Some have labeled us "neo-puritans", and if this is taken in the strictest sense of the phrase (heirs of the Puritans, rather than pietists), then that could very well describe our school. 

From the academic catalogue:


> Many seminaries in North America today uphold Reformed doctrine, but few such institutions have a deep respect for experiential preaching. By experiential preaching we mean Christ-centeredpreaching which stresses that unto salvation sinners must have a personal, experiential, Spirit-wrought knowledge of Christ (John 17:3; 1 Cor. 1:30), and by extension, of all the great truths of Scripture (2 Tim. 3:14–17). In theological terms this means that the two loci of christology and soteriology are taught in the seminary as two inseparable sides of one coin. Soteriology is the subjective experience of objective christology. Thus we stress, as the Puritans did, that the Holy Spirit causes the objective truths about Christ and His work to be experienced in the hearts of sinners.
> Experiential preaching is therefore applicatory. It explains, in terms of biblical truth, how matters do go and how they ought to go in the Christian life. It aims to apply faith in Christ to all of the experience of the believer, as an individual and in all of his relationships in the family, church, and the world (Rom. 7:24–25;Col. 2:6–7).
> Experiential preaching is also discriminatory.
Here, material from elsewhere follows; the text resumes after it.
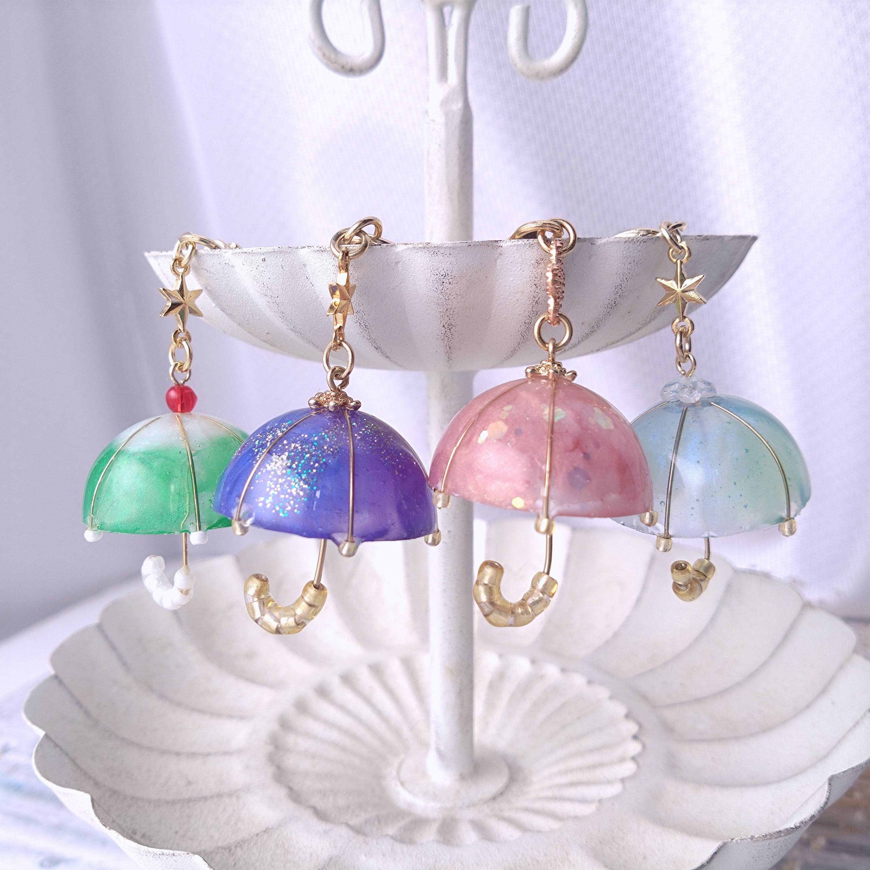 レジンで作る傘チャームの作り方♪ 梅雨を楽しむ!雨の日を彩るアクセサリー♪ 丸ピンを組んで好きなカラーレジンを流すだけ! 立体で可愛い傘TikTok。

It defines the difference between believers and unbelievers, opening the kingdom of heaven to believers and shutting it against unbelievers (Matt. 16:19). In dependence upon the Holy Spirit, the seminary trains men who feel kinship with this emphasis.



Pastor Danny Hyde and I are both Th.M students at PRTS. We'd love to help out any way we can in further clarification.


----------



## PMBrooks (May 8, 2009)

JOwen,
Thanks for the insight. I really appreciate you giving the background of the seminary. It helps tremendously. 

Wes,
I am anxious to know how your time goes next week. I look forward to hearing about it. I have listened to the sample courses online and feel my heart warmed with their teaching. 

PMBrooks


----------



## DMcFadden (May 8, 2009)

I signed up for the Calvin for the 21st Cenutury conference to be sponsored by PRTS in Grand Rapids this August. Pre-registration costs are ridiculously low ($65 through June 26) and the room rates are low as well ($75).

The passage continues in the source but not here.